Comment 22 Tasev Nikola 2014-05-25 18:30:40 UTC
Hi Daniel,

I didn't notice your last reply until today when i was testing
the 3.15-rc6 kernel to report that is still not working.

cat /sys/power/pm_test give me :
[none] core processors platform devices freezer

So i echo the different mode to /sys/power/pm_test one by one 
and then do pm-suspend every time but i could not reproduce the bug,
the computer resume normaly after 3-4 seconds.

If you need the dmesg after every different suspend resume i can
send it to you, just tell me.

Just for info, i also test the rc6 kernel with reverting the patch
in comment 14 and it works ok after resume.
Comment 23 Tasev Nikola 2014-05-27 12:20:50 UTC
Hi 

I try again different value for /sys/power/pm_test with the
3.15-rc7 kernel and i notice that with devices selected for
/sys/power/pm_test it took long time to resume (12-15 seconds).

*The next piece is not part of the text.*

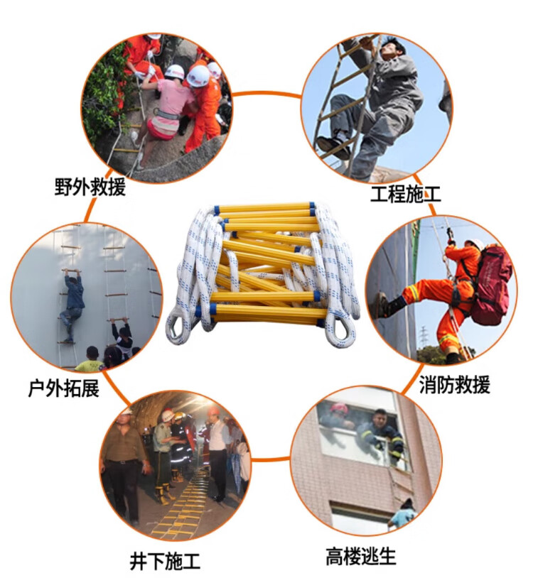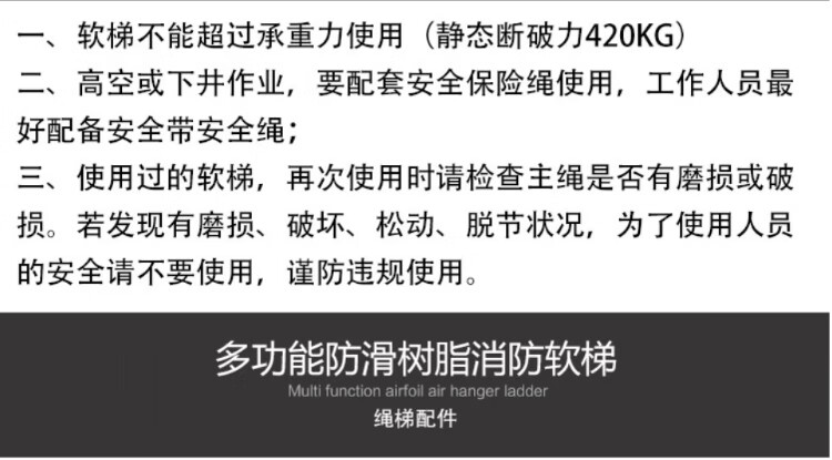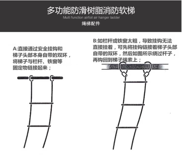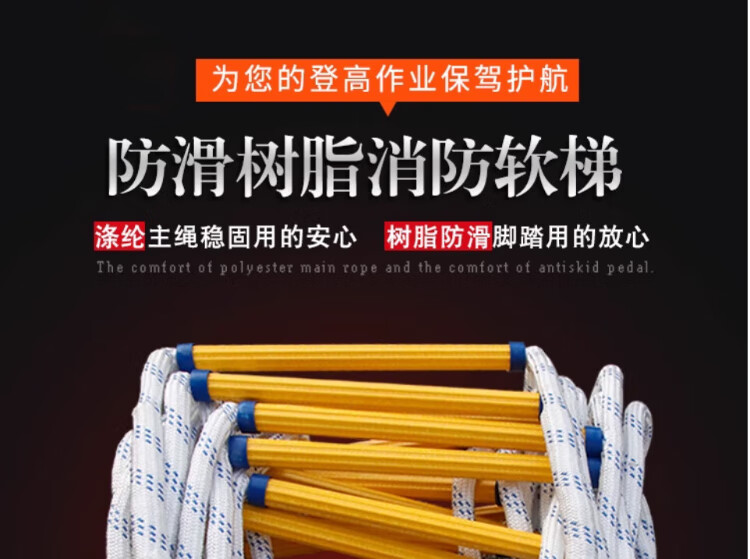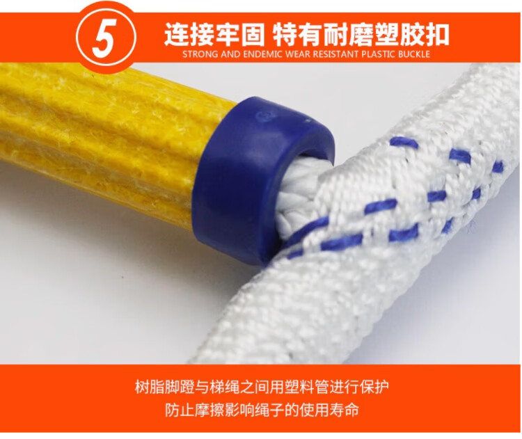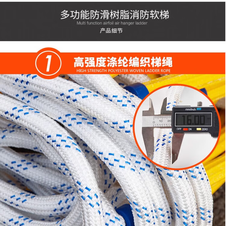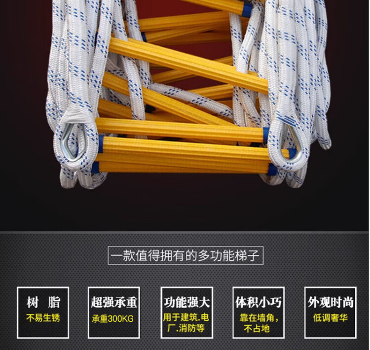 People's Safety Rope Ladder Escape Ladder Fire Escape Ladder Emergency Fire Rescue Training Home Self-Rescue Telescopic Folding Rope Ladder Polyester Resin Fire Ladder 5 Meters + Double Hooks + Screws

Looking into dmesg i can see GPU lockup and uvd errors (at 363.74 line).
I don't no if this is related to my resume problem.
Dmesg is attached.
Comment 24 Tasev Nikola 2014-05-27 12:22:39 UTC
Created attachment 137481 [details]
dmesg with devices for sys-power-pm-test
Comment 25 Daniel Vetter 2014-05-30 08:13:33 UTC
Created attachment 137721 [details]
resume fbcon later

Hm, somehow forgotten to attach this yesterday. Please test this patch instead of any reverts.
Comment 26 Tasev Nikola 2014-06-01 08:09:22 UTC
(In reply to Daniel Vetter from comment #25)
> Created attachment 137721 [details]
> resume fbcon later
> 
> Hm, somehow forgotten to attach this yesterday. Please test this patch
> instead of any reverts.

The patch work's fine.
Thank you
Comment 27 Daniel Vetter 2014-06-18 14:59:13 UTC
Patch is merged upstream, thanks for the report and testing.